- _AIM OF THE TASK_: When you reach a picture, pass over it; otherwise repeat the listing word for word.

━━━ AVAILABLE DATA

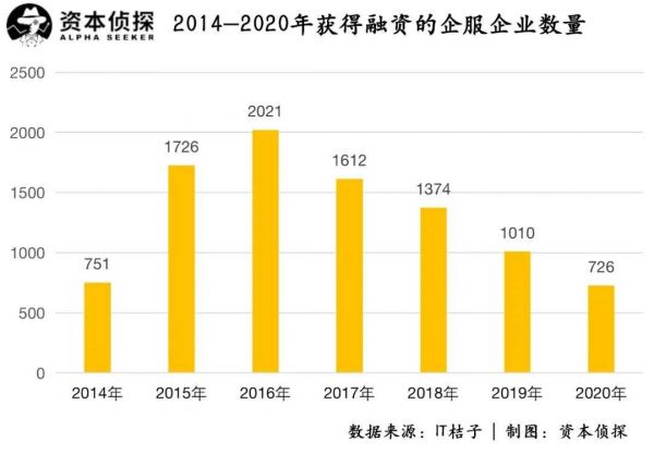 「资本侦探」统计七年的数据发现,从2014年到2020年,获得投资的企业服务企业数量有一个过山车式的变化,获得融资的企业从2014年的751家,上升到2016年的顶峰2021家,后迅速下降至2020年的726家。
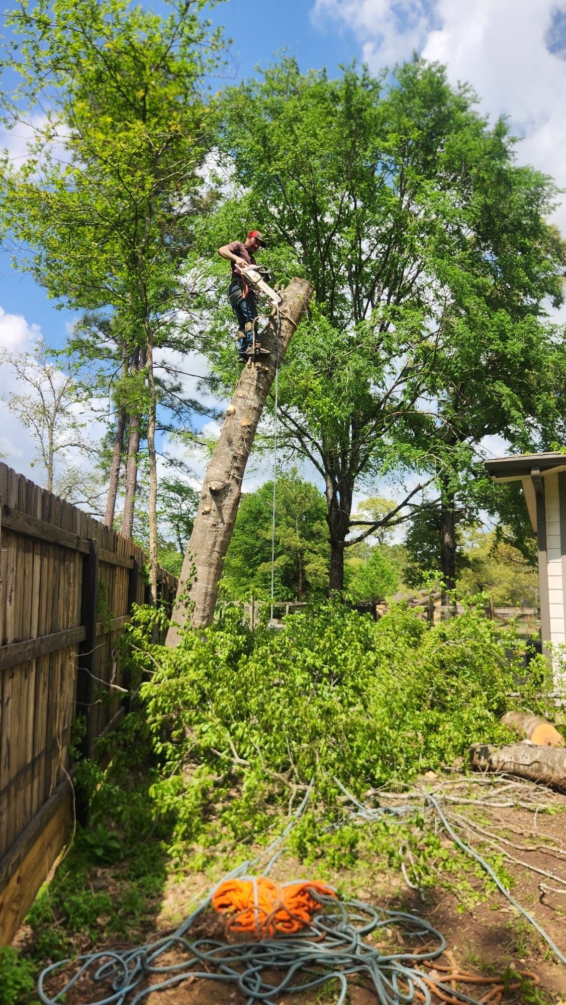 Our process starts with a free on-site visit. We review targets (house, fence, pool), access, fall zones, and equipment needs, then provide a clear scope, price, and schedule. On the day of service, we set protection for turf, beds, and hardscape; use proper climbing/rigging or a lift where needed; and keep the site tidy from first cut to final rake.
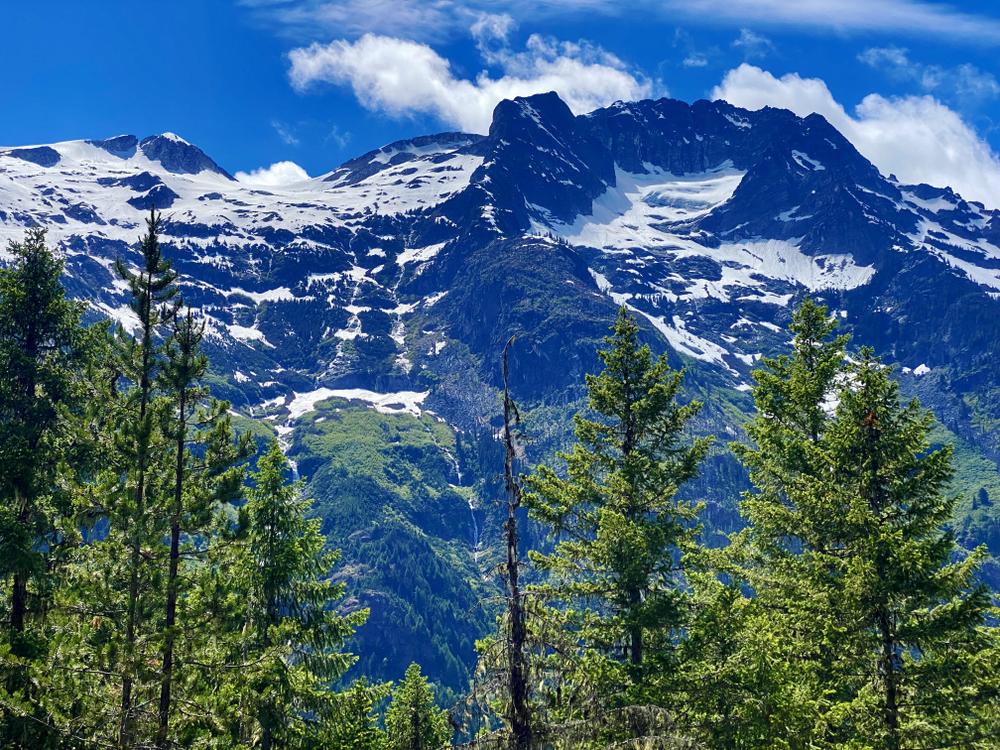 Thankfully, while numerous trees have indeed fallen across the trail, there are few spots as bad as the first one. And after completing the climb, the trail’s quite easy. The four hikers eventually reach Junction campground around noon. This turns out to be a set of clear spots at the top of a ridge, with expansive views across the valley toward Tricouni Peak and other snow-capped mountains. The melting snow has created long, long waterfalls cascading down towards Thunder Creek. It’s beautiful.

━━━━━━

- _RESPONSE AREA_:
 「资本侦探」统计七年的数据发现,从2014年到2020年,获得投资的企业服务企业数量有一个过山车式的变化,获得融资的企业从2014年的751家,上升到2016年的顶峰2021家,后迅速下降至2020年的726家。
 Our process starts with a free on-site visit. We review targets (house, fence, pool), access, fall zones, and equipment needs, then provide a clear scope, price, and schedule. On the day of service, we set protection for turf, beds, and hardscape; use proper climbing/rigging or a lift where needed; and keep the site tidy from first cut to final rake.
 Thankfully, while numerous trees have indeed fallen across the trail, there are few spots as bad as the first one. And after completing the climb, the trail’s quite easy. The four hikers eventually reach Junction campground around noon. This turns out to be a set of clear spots at the top of a ridge, with expansive views across the valley toward Tricouni Peak and other snow-capped mountains. The melting snow has created long, long waterfalls cascading down towards Thunder Creek. It’s beautiful.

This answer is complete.